It’s best for you to understand on what works for you. For example, while in uni, my roomie was an early bird. So during exam time, I’d study from 10pm – 3am and I’d wake her up when I’m going to sleep where she will study from about 4am till mid morning.

d) Exercise

It’s funny that I speak on exercise because I’m anything but sporty. haha. In school I didn’t do any sports. Probably played badminton for about a year and clearly my Mum’s sports gene had hit neither my older sister nor me.

We don’t really have the most athletic of bodies either and due to our genetic mix, we are the if-you-eat-too-much-you-will-put-on-weight as opposed to the my-metabolism-is-naturally-high types. Towards my late teens and uni in India too had a lot to do with this, I started doing yoga. I started off with a yoga class (not the traditional one, this was at a gym, lol) and then followed a lot of yoga videos online and started reading up more on it. When I started feeling my body becoming stronger, I gradually incorporated more cardio and strength training into my routine and now, I have a relative-commendable schedule of working out thrice a week with some yoga, some cardio, stretching and core-strengthening. I don’t use machines or hit a gym (because of a very bad and funny gym accident I had a few years back); don’t jog (this tropical weather I’m telling you and we have weak-ish knees) and have put together a routine based on various workout videos and articles that strain neither the knees or the wrists.

Exercising has not only helped me fall asleep better at night but also help feel good about myself, especially that I-cannot-climb-up-this-staircase-but-oh-that-feels-good thought. Working out regularly has also made me make a mental note when planning things out because now we have one more thing to incorporate into the schedule!

e) Write your shiz down

As a writer that tries very hard, I essentially enjoy writing. While I was teaching, my students may have hated me, muhaha, but I try to institutionalise the practice of writing wherever I can, just as how I change computer languages from American to British English, HAHAHA.

Writing helps you put things in perspective and also helps you prioritise. I write both on paper and on the terrific Notes app on my laptop and phone. If you want a fancy shiz app, I’m sure there are tonnes on your phone app store that might hit your fancy.

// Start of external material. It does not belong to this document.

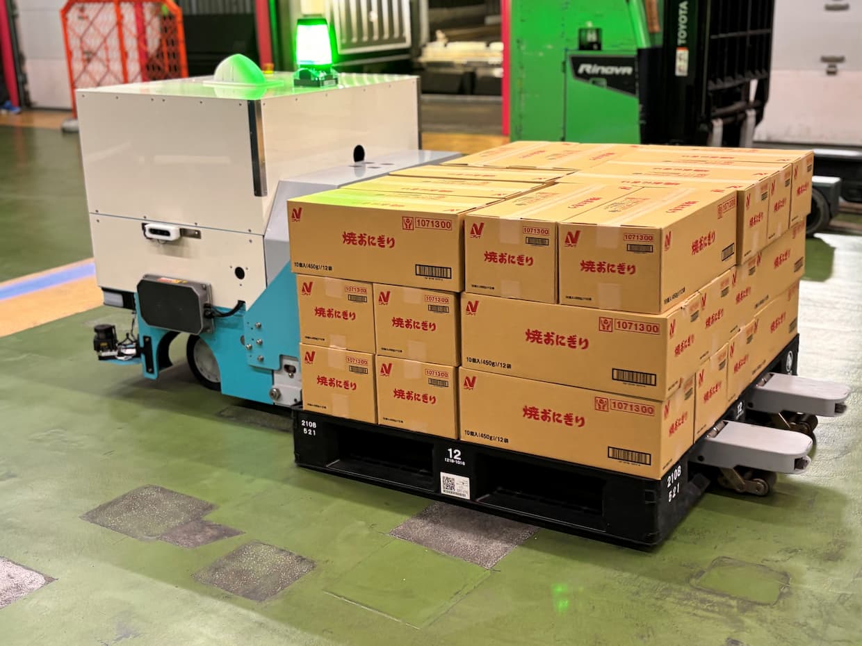 さらに、現在開発中の「冷凍AMR(自律走行搬送ロボット)」稼働の様子も公開。冷凍エリアから荷さばきエリアまで、温度帯をまたぎ、日々のレイアウト変更も伴う現場運用を担うため、結露などの影響も検証され、実運用に向けた開発を続けているという。
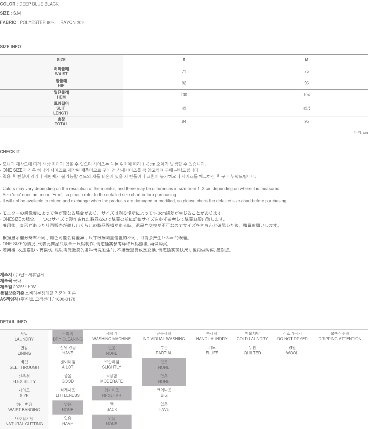 換貨 與 退貨 收到商品後, 7日內能在我的頁面申請交換或退貨, 申請後請將商品寄回DINT. 申請後, 請填寫包裹裡一同寄去的撤回申請書, 再將包裹包裝成一開始您收到時的狀態(包裝袋、衣架、贈品皆要一起寄送回來)發送至DINT即可. 因爲顧客變心所申請的換貨與退貨, 運費將由顧客負擔;誤送或是商品瑕疵的部分, 將由DINT負擔運費. 退貨住所爲:首爾市 衿川區 加山洞 459-8號 大韓通運 7樓 DINT股份有限公司 品質保證標準說明:符合電子商務等有關消費者保護法律規定的消費者可申請交換或是退貨.

If you are overwhelmed with hundred-and-one things to do and do multiple-thing-including-the-supposed-hooker-moonlighting like me and don’t know where to start, here’s what works for me:

  • Take a blank paper and write down in point or list form every single thing you want to do. These can include things like taking your kid to the doctor’s, calling up your friend to check on last week’s hangover (yes, these things happen and we forget), grocery shopping, paying you internet bill and so on. The list is not a work or house only list, but a list of everything you need to accomplish in life that moment. Of course if you write things like “graduate” then you might as well stay in school, silly goose.
  • Number them! Scan the list thoroughly and number them in order of importance. If some items are equally important, e.g. – shopping for your boyfriend’s birthday next week and finishing up a report, don’t hesitate to use the same number twice, but remember not to overdo it. Ask yourself if you will die, be fired, lose money or a relationship if the task is delayed and the answer is no, then it’s fine to push it to the bottom of the list. Do not mix prioritising with procrastinating, because what’s at the bottom of the list will make it’s way to the top, eventually and be complete.
  • Once the numbering is done, set time or date stamps, giving yourself a grace period as well (especially where client / employer deadlines are concerned).
  • Categorise your tasks then in either order of importance or a date-breakdown or just into baskets where they all belong.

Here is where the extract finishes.